Forest plot of single nucleotide polymorphisms (SNPs) negatively (OR < 1) and positively (OR > 1) associated with risk of OW/OB. Legend: SNPs ordered by chromosome number. Protective SNPs against risk of overweight/obesity are shown in the upper part of the forest plot; SNPs with predisposition risk to overweight/obesity are shown in the bottom part. Multivariate model Odds Ratio (O.R.) and 95% confidence intervals (C.I.) displayed.

Physical examination

All measurements were performed by trained researchers following standard protocols. Weight and height were measured following standard procedures26. BMI was calculated from height and weight (kg/m2)27 and categorised into non-overweight (non-OW) and overweight, including obesity (OW/OB), according to the age- and sex-specific BMI international cut-offs proposed by the World Obesity Federation28. FMI was calculated was calculated dividing fat mass (FM) by height squared (in meters).
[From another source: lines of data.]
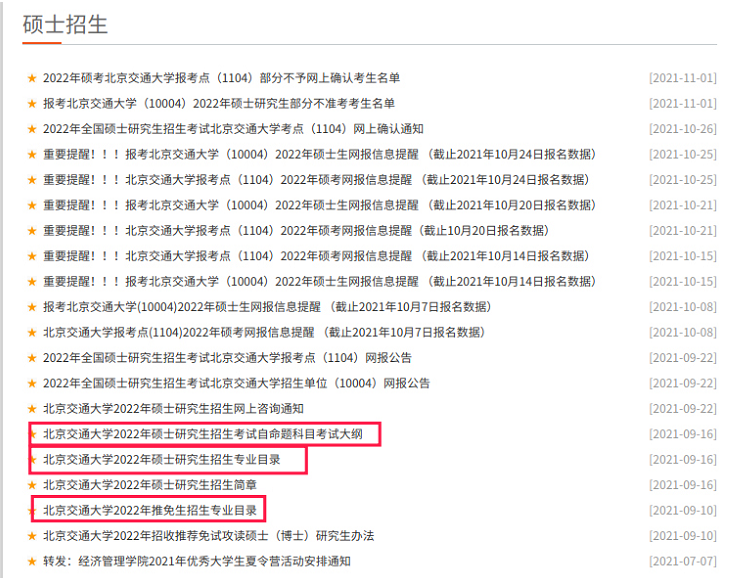 在北京交通大学研究生院官网中,考生可以很方便地找到该校的招生目录、自命题专业的考试大纲、历年复试分数线等,信息公开透明。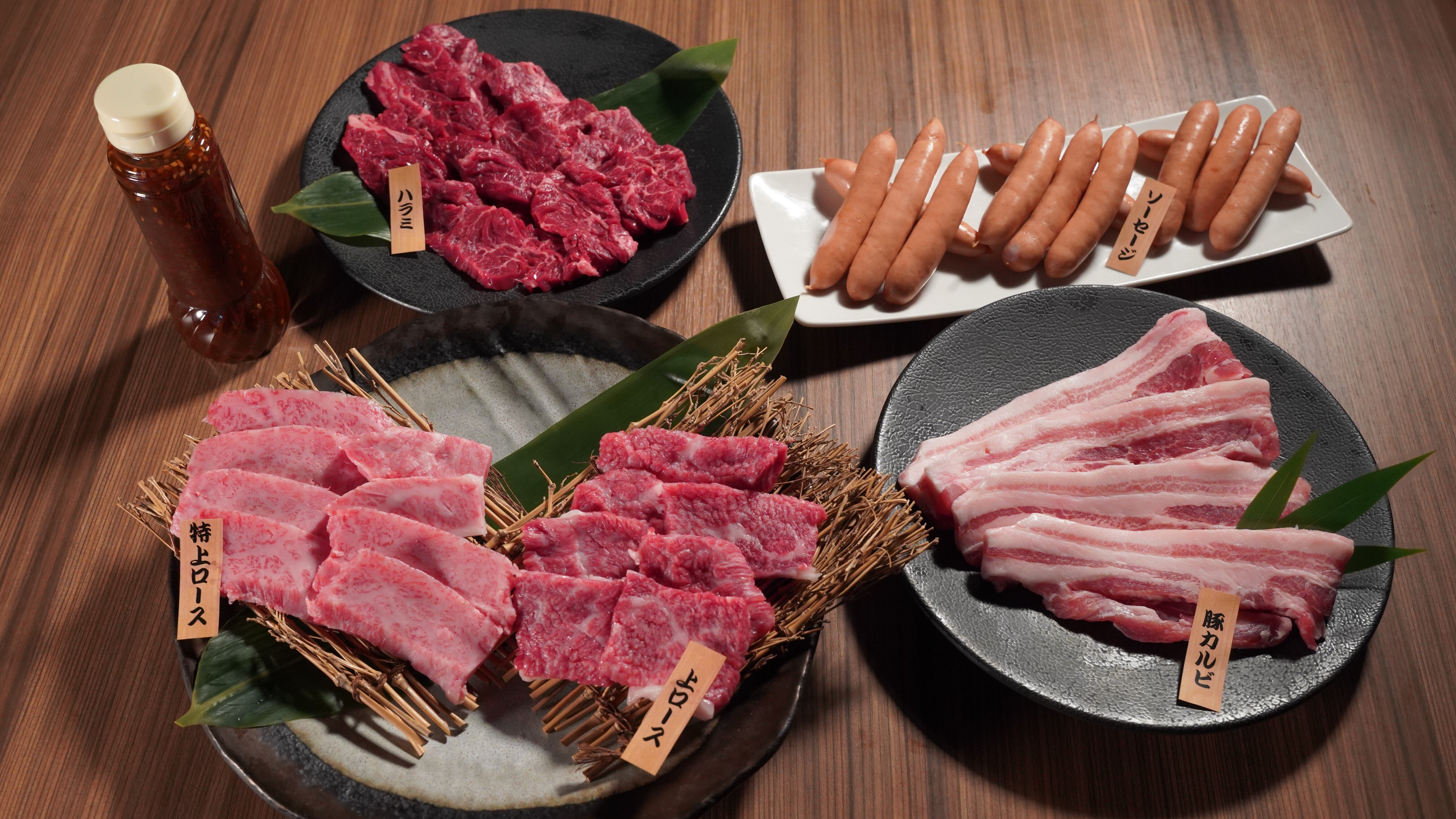 ①黒毛和牛特上ロース 200g、②黒毛和牛上ロース 200g、③ハラミ(米国産) 400g、④豚カルビ(オランダ産) 600g、⑤ソーセージ 600g、⑥自家製タレ(100ml)、⑦おうち焼肉マニュアル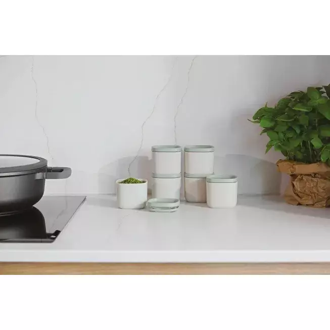 Spices, candy, biscuits, flour,... keep it all fresh and tasty with a little help from these stackable food containers. The large 2-pc container set can be extended with our 6-pc small food & spices container set. The large opening guarantees easy access to the container content. On top of that, the containers are stackable and designed in a square shape for optimal space saving. The containers are anti-skid and dishwasher safe so cleaning them is a breeze! Thanks to the transparent window on top you can check the content at all times. With our future in mind, our containers are made with recycled plastics for a greener and more sustainable cooking experience. Enjoy cooking and spice things up with our practical food container set!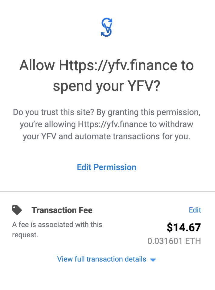 Lastly, you need to click on the "stake" button at the bottom and confirm the next 2 transactions. The first one is to allow YFV.finance to spend your YFV tokens and the second one is to actually stake your tokens. The GAS fees are extremely high now, due to network congestion. But if you are staking with a minimum of 90 YFV, that shouldn't be a problem. You'll earn it back in no-time.

Blood collection and genotyping

The blood samples were collected in overnight fasting state. A standardised methodology for blood collection, transport and analysis was performed by a certified laboratory29. Blood for DNA extraction was collected in EDTA K3 tubes and stored at the Institute of Nutritional and Food Sciences (IEL) of the University of Bonn, and sent to the Laboratoire d'Analyse Genomique Centre de Ressources Biologiques (LAG-CRB) e BB- 0033-00071 Institut Pasteur de Lille, F-59000 Lille, France. DNA was extracted from white blood cells with the Puregene kit (QIAGEN, Courtaboeuf, France) and stored at − 20 °C. The genotyping was done by an Illumina system (Illumina, Inc, San Diego, California) using the Golden- Gate technology (Sampling procedure scheme, GoldenGate; Software, Inc, San Francisco, California). In terms of gene selection within the HELENA study, a candidate gene approach was used. First, a certain number of behaviour and metabolic pathways related to the adolescence´s health were identified. These included included food intake, eating behaviour, food choices and preferences, energy and adipose tissue metabolism, glucose, insulin, lipid and lipoprotein metabolism among others. Finally, SNPs playing a key role in genes coding for the abovementioned pathways were selected. The HapMap database was used to select tag and independent SNPs. SNPs were selected with a minor allele frequency (MAF) above 0.1 and tag SNPs with r2 above 0.8. If tag SNPs described for a single gene exceeded in number (more than ~ 20), only SNPs significantly associated with appropriate phenotypes in previous studies were selected, if available. Lastly, SNPs from the NCBI database were used when a limited number of SNPs were available in the HapMap database.

Statistical analysis

Descriptive characteristics by sex are shown as median and interquartile range (IQR) for continuous variables and as absolute and relative frequency for categorical ones. The statistical tests used to compare differences by sex were Pearson´s chi-square for categorical variables and Mann–Whitney-Wilcoxon test for continuous variables. Pearson’s chi-square statistic test was used to analyse the Hardy–Weinberg equilibrium. Shapiro–Wilk non-parametric test to check normality of variables was performed.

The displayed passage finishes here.